── Given data

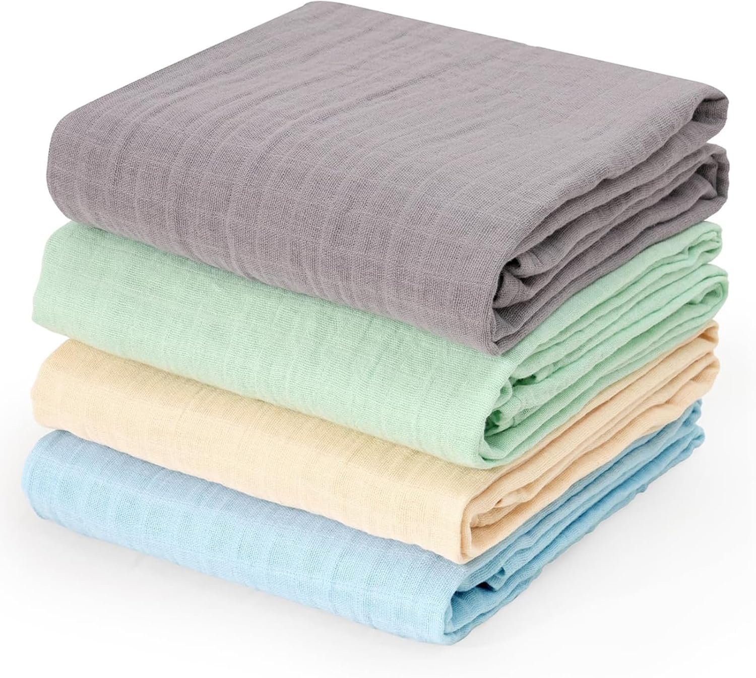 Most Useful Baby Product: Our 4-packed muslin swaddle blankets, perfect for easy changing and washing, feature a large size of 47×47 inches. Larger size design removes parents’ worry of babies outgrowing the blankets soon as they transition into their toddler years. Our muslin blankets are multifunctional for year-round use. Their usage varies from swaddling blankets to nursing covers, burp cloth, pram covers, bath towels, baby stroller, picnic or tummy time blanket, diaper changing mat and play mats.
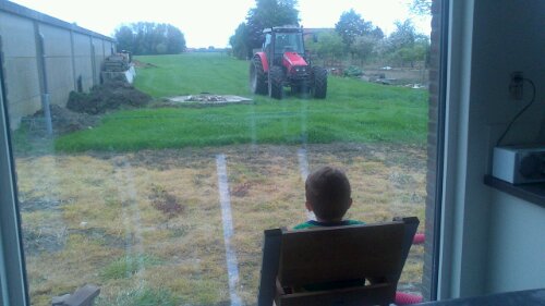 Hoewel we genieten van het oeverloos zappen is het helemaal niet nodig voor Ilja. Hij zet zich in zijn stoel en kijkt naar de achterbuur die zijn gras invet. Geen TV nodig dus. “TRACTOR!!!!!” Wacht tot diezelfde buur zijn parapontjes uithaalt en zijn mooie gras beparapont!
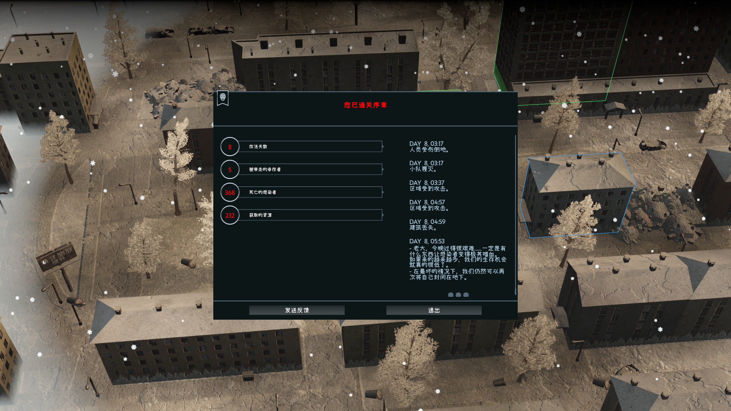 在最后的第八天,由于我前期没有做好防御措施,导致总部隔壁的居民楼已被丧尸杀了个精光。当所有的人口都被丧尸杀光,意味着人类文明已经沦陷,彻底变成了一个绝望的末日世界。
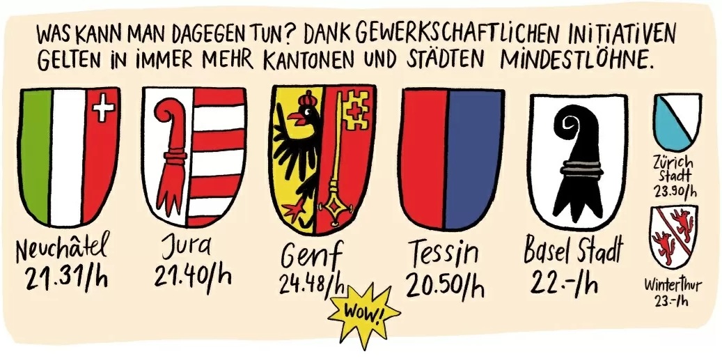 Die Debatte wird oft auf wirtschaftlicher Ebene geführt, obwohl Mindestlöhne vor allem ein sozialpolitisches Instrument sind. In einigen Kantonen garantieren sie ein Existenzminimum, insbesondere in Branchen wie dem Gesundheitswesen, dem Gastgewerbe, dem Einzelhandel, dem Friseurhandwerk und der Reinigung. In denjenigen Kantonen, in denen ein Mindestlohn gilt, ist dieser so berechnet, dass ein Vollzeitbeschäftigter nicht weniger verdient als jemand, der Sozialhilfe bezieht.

────

- About this task -
Every line of the material is to be quoted exactly, with no pictures carried over.

- Answer to this exercise -
 Most Useful Baby Product: Our 4-packed muslin swaddle blankets, perfect for easy changing and washing, feature a large size of 47×47 inches. Larger size design removes parents’ worry of babies outgrowing the blankets soon as they transition into their toddler years. Our muslin blankets are multifunctional for year-round use. Their usage varies from swaddling blankets to nursing covers, burp cloth, pram covers, bath towels, baby stroller, picnic or tummy time blanket, diaper changing mat and play mats.
 Hoewel we genieten van het oeverloos zappen is het helemaal niet nodig voor Ilja. Hij zet zich in zijn stoel en kijkt naar de achterbuur die zijn gras invet. Geen TV nodig dus. “TRACTOR!!!!!” Wacht tot diezelfde buur zijn parapontjes uithaalt en zijn mooie gras beparapont!
 在最后的第八天,由于我前期没有做好防御措施,导致总部隔壁的居民楼已被丧尸杀了个精光。当所有的人口都被丧尸杀光,意味着人类文明已经沦陷,彻底变成了一个绝望的末日世界。
 Die Debatte wird oft auf wirtschaftlicher Ebene geführt, obwohl Mindestlöhne vor allem ein sozialpolitisches Instrument sind. In einigen Kantonen garantieren sie ein Existenzminimum, insbesondere in Branchen wie dem Gesundheitswesen, dem Gastgewerbe, dem Einzelhandel, dem Friseurhandwerk und der Reinigung. In denjenigen Kantonen, in denen ein Mindestlohn gilt, ist dieser so berechnet, dass ein Vollzeitbeschäftigter nicht weniger verdient als jemand, der Sozialhilfe bezieht.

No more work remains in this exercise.